Former U.S. President Donald Trump recently claimed he had aced an “IQ test” during a visit to Walter Reed Medical Center — but medical experts say the test he referred to wasn’t an intelligence exam at all. Instead, it was a cognitive screening used to detect early signs of dementia.
Speaking to reporters aboard Air Force One on October 27, Trump said he had taken what he described as a challenging “aptitude test” and invited Democratic Representatives Jasmine Crockett and Alexandria Ocasio-Cortez to take it as well. “They have Jasmine Crockett, a low IQ person. AOC is low IQ,” Trump said. “You give her an IQ test — have her pass the exams I took at Walter Reed. Those are very hard tests. They’re really cognitive tests.”
He continued, joking about the test’s questions: “The first few are easy — like tiger, elephant, giraffe — but when you get to 10, 20, or 25, they couldn’t answer those.”

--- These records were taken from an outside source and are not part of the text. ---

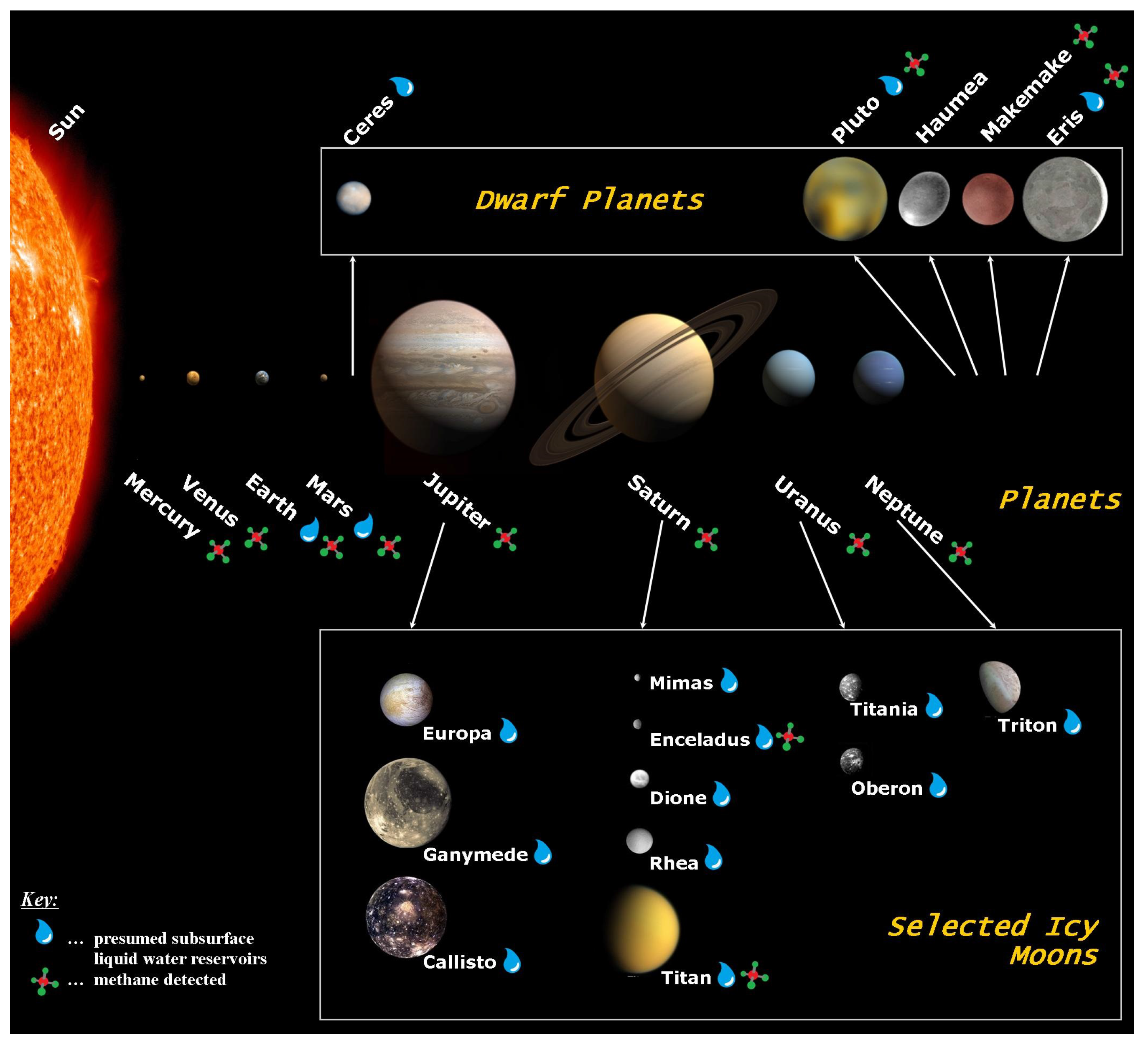 Of astrobiological interest are those Solar System bodies on which we assume at least local areas that could fulfil the physical and chemical requirements that methanogens could propagate in an extraterrestrial environment. This includes the residues of near-surface melt water on Mars and subsurface oceans or local seas on various icy moons like Europa or Enceladus.
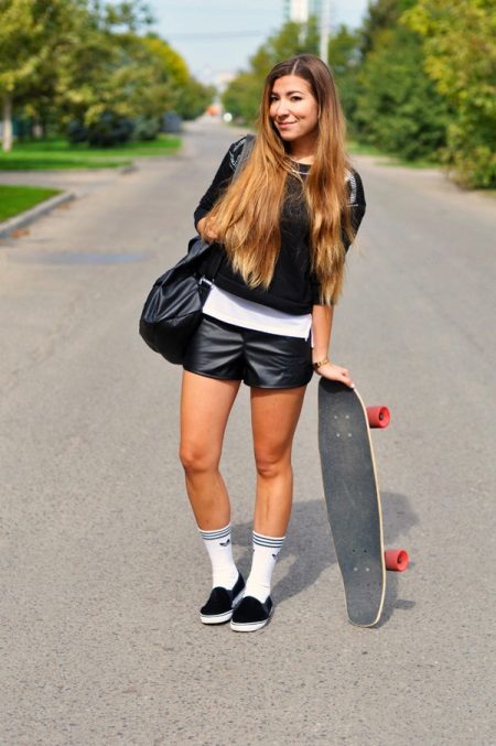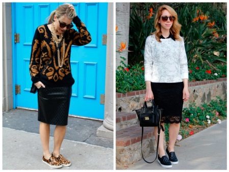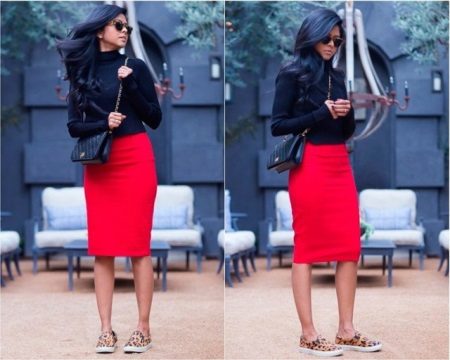 Not only trousers, but also skirts are an exquisite part of a beautiful image. Any skirts, from mini to midi, are suitable for slips. The combination of red and black colors with leopard slips looks gorgeous. The white top and dark bottom in combination with black shoes will ideally fit into the daily routine of both the schoolgirl and the business woman.
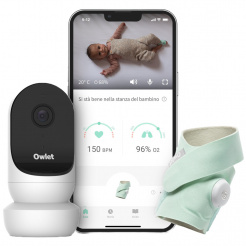 - Owlet Smart Sock and Camera Kit, conexiune la aplicația mobilă, alerte sonore și de mișcare, detectarea plânsului, tehnologie predictivă de somn, clipuri video, 4 șosete într-un pachet
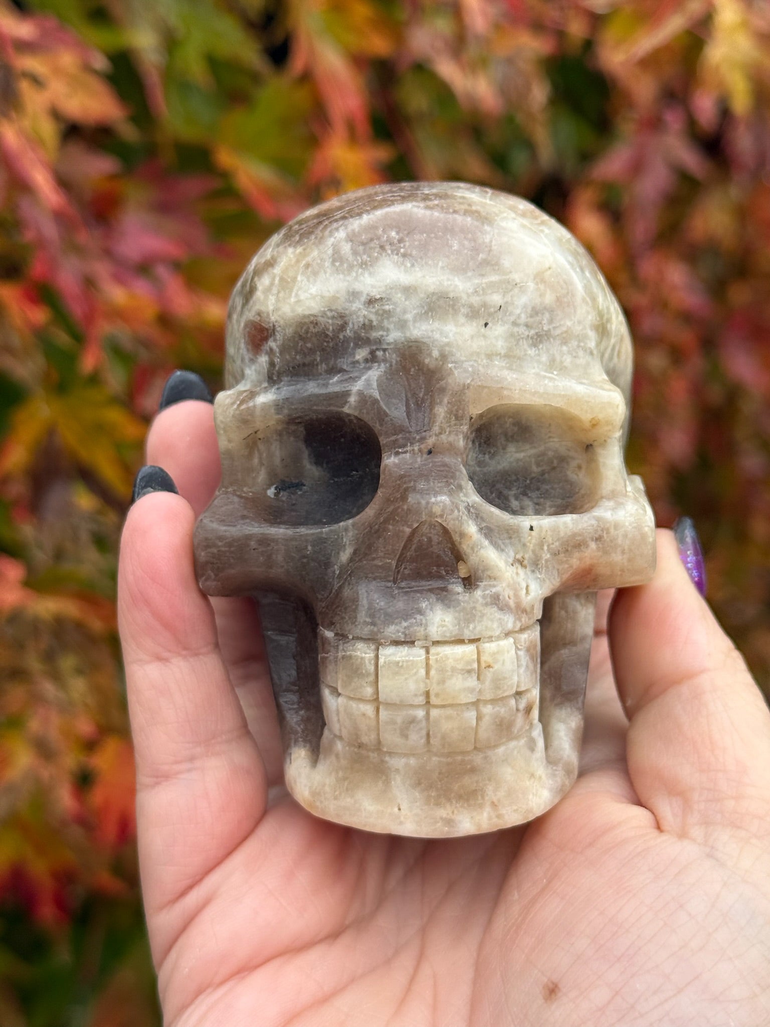 Moonstone and Sunstone Skull Carving
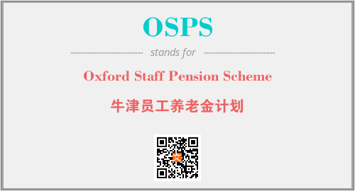 上述内容是“Oxford Staff Pension Scheme”作为“OSPS”的缩写,解释为“牛津员工养老金计划”时的信息,以及英文缩略词OSPS所代表的英文单词,其对应的中文拼音、详细解释以及在英文中的流行度和相关分类、应用领域及应用示例等。

The test Trump referenced is widely believed to be the Montreal Cognitive Assessment (MoCA), a short screening tool designed to evaluate memory, concentration, and thinking skills — often used to detect dementia or Alzheimer’s disease. Despite Trump calling it an IQ test, experts emphasize it measures mental function, not intelligence.
Dr. Ziad Nasreddine, the neurologist who developed the MoCA in 1996, told NBC News that the exam has no correlation to IQ testing. “There are no studies showing that this test is linked to IQ,” he explained. “Its purpose is to identify cognitive impairment, not measure intelligence.”
During his presidency, Trump frequently highlighted his perfect MoCA score. His physician confirmed he achieved a 30 out of 30 in 2018, and Trump later claimed to have repeated that performance in subsequent physicals. In 2020, he even challenged Joe Biden to take the same test, famously recalling one section where he had to remember the words “person, woman, man, camera, TV.”
Earlier this month, Trump visited Walter Reed again for a routine check-up that included lab work, imaging, and preventive assessments. White House physician Sean Barbabella confirmed the visit but did not specify whether the MoCA test was administered. Trump told reporters afterward that his MRI results were “perfect,” though he did not elaborate on the reason for the scan.
While Trump has often portrayed the test as proof of his intelligence, experts stress that the MoCA’s purpose is far different — it’s a medical tool designed to screen for memory or cognitive decline, not to assess how smart someone is.